Filmo Graphique est une bande dessinée documentaire d’Edward Ross abordant quelques thèmes transversaux du cinéma. Je l’ai trouvé moins aboutie que Les Mondes du jeu, déjà chroniquée il y a quelques mois, mais qui a été écrite plus récemment. Et puis, je ne suis pas un grand cinéphile, donc le sujet me touche peut-être un peu moins.

L’Éveil du maître du donjon décrit la vie de Gary Gygax, créateur du jeu de rôles Donjons et Dragons. L’auteur David Kushner porte notre attention sur les hommes à l’origine du phénomène culturel, plus que sur la présentation du jeu, en recourant régulièrement à l’énonciation à la deuxième personne, comme si le livre était lui-même un maitre de jeu. Le dessin de Koren Shadmi est assez rond et sympathique, sans plus.

Bande dessinée de fiction

Rob Davis adapte magnifiquement Don Quichotte d’après le roman de Cervantès. La stratification du récit en histoires enchassées est très bien rendue graphiquement, et tout l’humour de situation se retrouve dans les dialogues truculents. Le résultat est à mille lieues du traitement très académique de la version des Les Grands Classiques de la littérature française en bande dessinée par Philippe Chanoinat, Djian et David Pellet.

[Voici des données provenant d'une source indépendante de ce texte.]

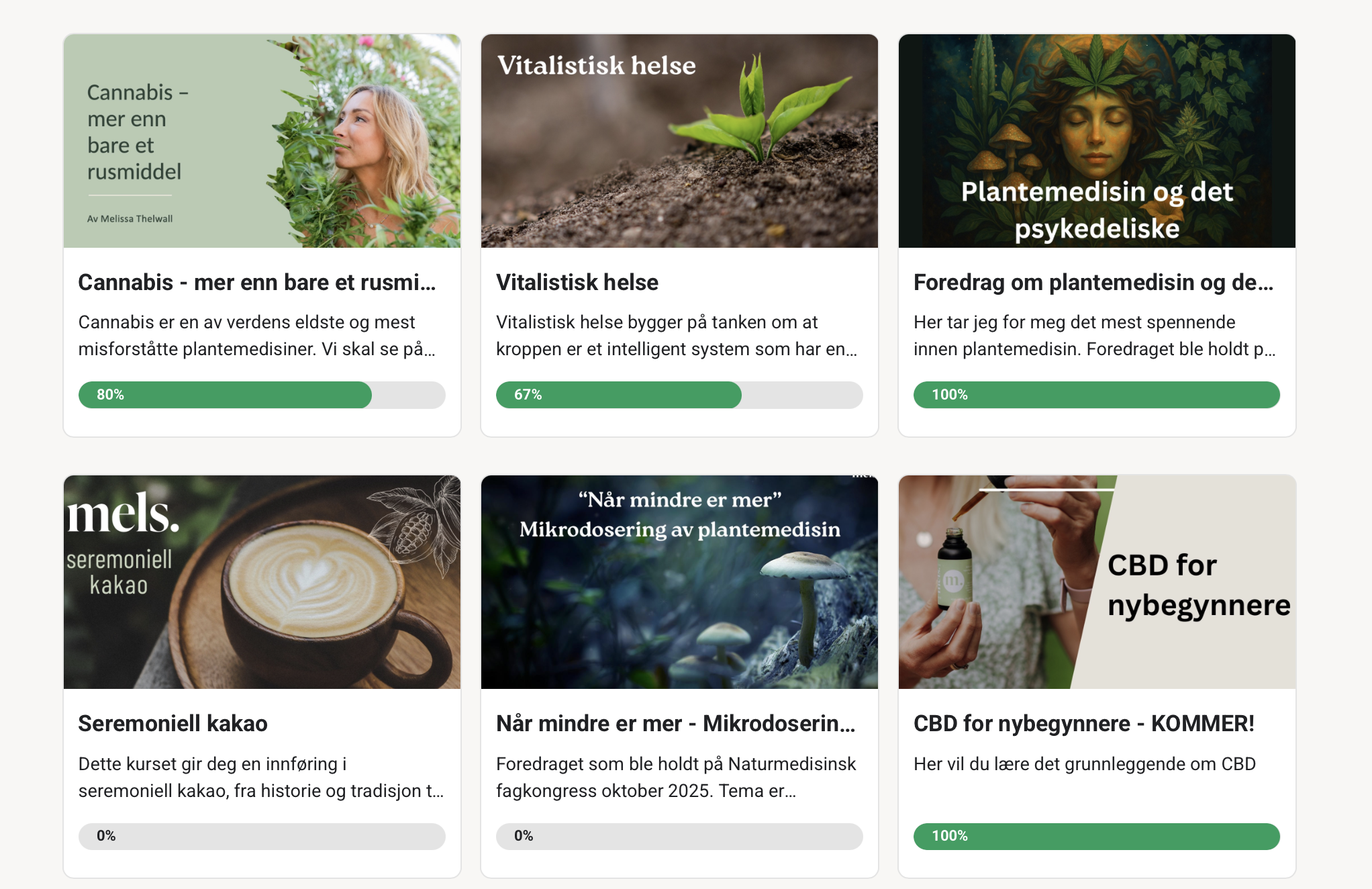 Her vil du finne mer kunnskap innen plantemedisin, naturlig helse og velvære. Inne på min nye plattform deler jeg kurs, foredrag, lydfiler og mye mer.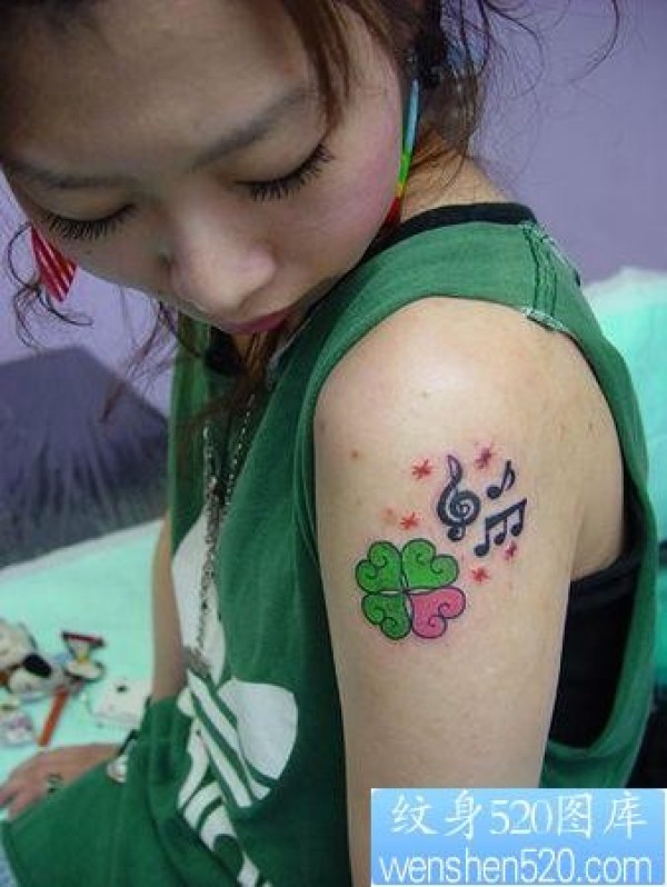 美女手臂四叶草音符纹身_臂部纹身图案大全_纹身图吧

Faut pas prendre les cons pour des gens (Emmanuel Reuzé, Nicolas Rouhaud) use un peu de la répétition d’une même vignette avec des dialogues différents, mais j’aime bien cet humour iconoclaste, surtout lorsqu’il épingle la politique éducative.

Je suis tombé sur l’album du Génie des alpages : les Intondables de F’Murr. J’adore ces petites brebis espiègles, le bélier Romuald, leur berger Athanase et son chien, accompagnés qu’une quantité de personnages plus ou moins récurrents qui remplissent les pages avec des scènes de fond.

Glace (Matthew Dooley) décrit un vendeur ambulant qui doit faire face à un concurrent déterminé à lui voler son quartier, dans une petite ville d’Angleterre. Il est entouré de personnages populaires lambda, placides mais attachants avec leurs marottes et habitudes. L’ensemble est gentillet mais plaisant.

Coutoo est album solo d’Andreas sur un tueur mystérieux dont les pensées sont retransmises par un jeune garçon médiumnique. On retrouve le découpage graphique et scénaristique caractéristiques de l’auteur, même si l’histoire est moins efficace que ses séries phares.

Anita Bomba est une feuilleton de Cromwell et Gratien en 5 tomes décrivant une aventurière poseuse de bombes et un robot aux multiples personnalités et pas tout à fait fiable. Le scénario foutraque et le dessin assez sombre (évoquant un peu le style de Loisel) ne m’ont pas particulièrement accroché.

Le Feul est un cycle de trois tomes de Gaudin et Peynet, sur quelques êtres plus ou moins humains en quête d’un remède ou d’une explication au mal qui ronge les populations d’une civilisation en races bien distinctes avec une très faible technologie. Les personnages ne sortent pas vraiment de l’archétype dans lesquels ils sont placés d’emblée.